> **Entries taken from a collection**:
▼

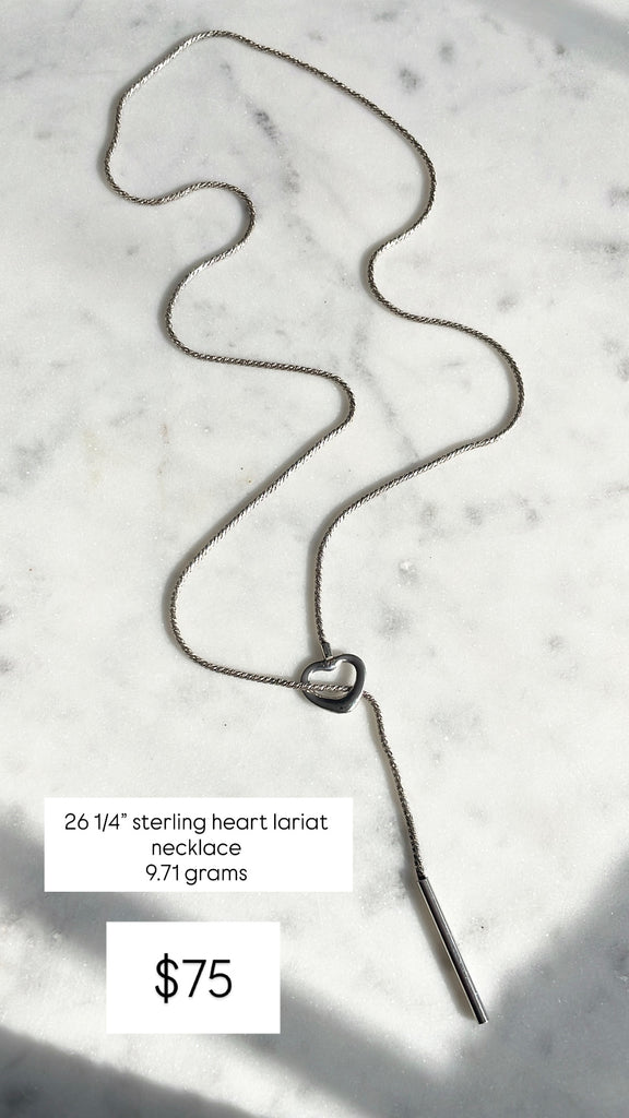 RESERVED PRIVATE LISTING -- sterling silver heart lariat necklace B18
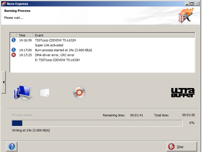 Sehe gerade die Fehlermeldung "CRC Error". Wechsel mal das Datenkabel vom Brenner zum Mainboard. Der wird wohl noch IDE haben.
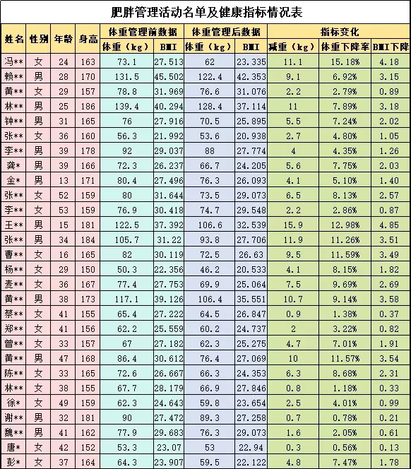截至目前,秀新社康该项目已累计服务数百名居民,交出了亮眼的“健康答卷”:体重管理有效率高达96%,肥胖居民平均体重下降 6.8kg,腰围平均缩5.5cm;70%的参与者体重下降超5%,更值得关注的是,通过精准干预,血糖异常者逆转率达 92%,血压异常者逆转率达 85%,充分印证了体重管理对慢性病防控的关键作用。
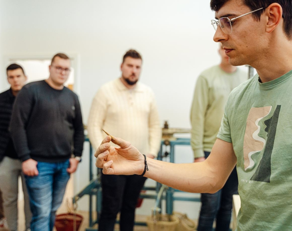 Študenti so si najprej ogledali geomehanski laboratorij ter spoznali potek geotehničnih raziskav in pomen laboratorijskih rezultatov pri načrtovanju gradbenih objektov. Predstavitev je zajemala ključne faze raziskav, od priprave vzorcev do interpretacije rezultatov.
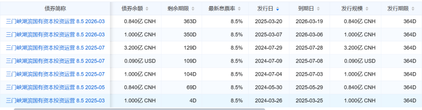 过去一年中,三门峡湖滨国投已发行7只中资离岸债,包括6只人民币债和1只美元债,票息均保持在8.5%的高水平。值得注意的是,去年3月发行的1亿元债券“三门峡湖滨国有资本投资运营 8.5 2025-03-25”即将到期。
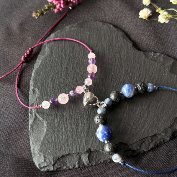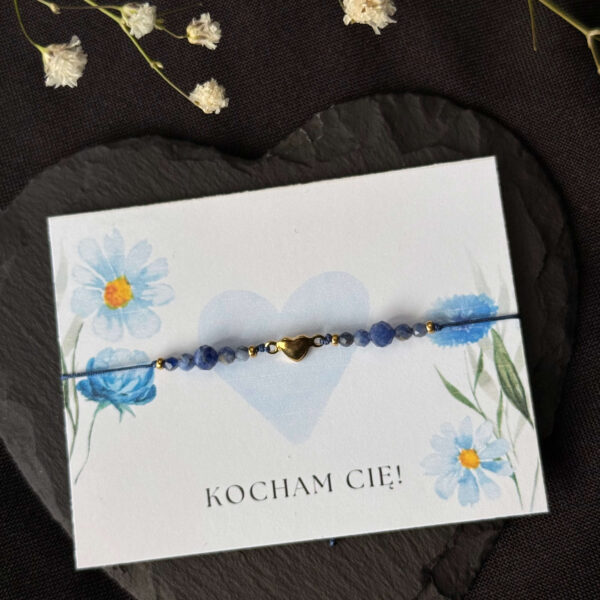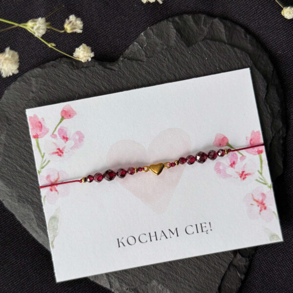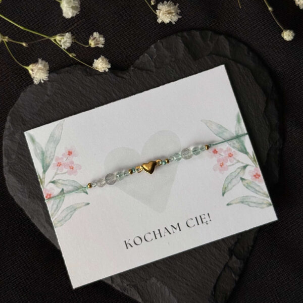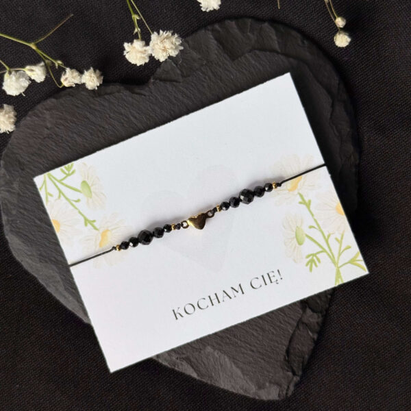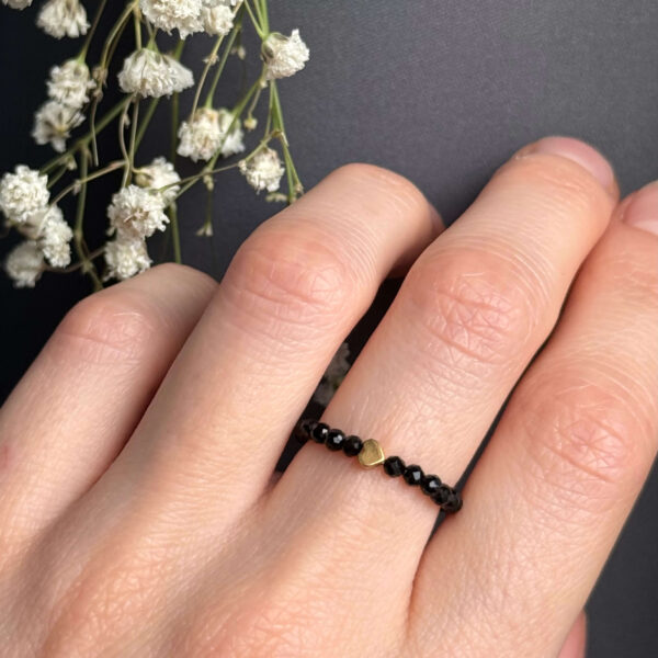Pierścionek elastyczny z czarnym turmalinem i mini serduszkiem

▲

> **AIM OF THE TASK**: Above are the records; set down exactly the lines from the line containing "Sehe gerade die" through their last line, leaving every picture out.

> **ANSWER TO THIS EXERCISE**:
 Sehe gerade die Fehlermeldung "CRC Error". Wechsel mal das Datenkabel vom Brenner zum Mainboard. Der wird wohl noch IDE haben.
截至目前,秀新社康该项目已累计服务数百名居民,交出了亮眼的“健康答卷”:体重管理有效率高达96%,肥胖居民平均体重下降 6.8kg,腰围平均缩5.5cm;70%的参与者体重下降超5%,更值得关注的是,通过精准干预,血糖异常者逆转率达 92%,血压异常者逆转率达 85%,充分印证了体重管理对慢性病防控的关键作用。
 Študenti so si najprej ogledali geomehanski laboratorij ter spoznali potek geotehničnih raziskav in pomen laboratorijskih rezultatov pri načrtovanju gradbenih objektov. Predstavitev je zajemala ključne faze raziskav, od priprave vzorcev do interpretacije rezultatov.
 过去一年中,三门峡湖滨国投已发行7只中资离岸债,包括6只人民币债和1只美元债,票息均保持在8.5%的高水平。值得注意的是,去年3月发行的1亿元债券“三门峡湖滨国有资本投资运营 8.5 2025-03-25”即将到期。
Pierścionek elastyczny z czarnym turmalinem i mini serduszkiem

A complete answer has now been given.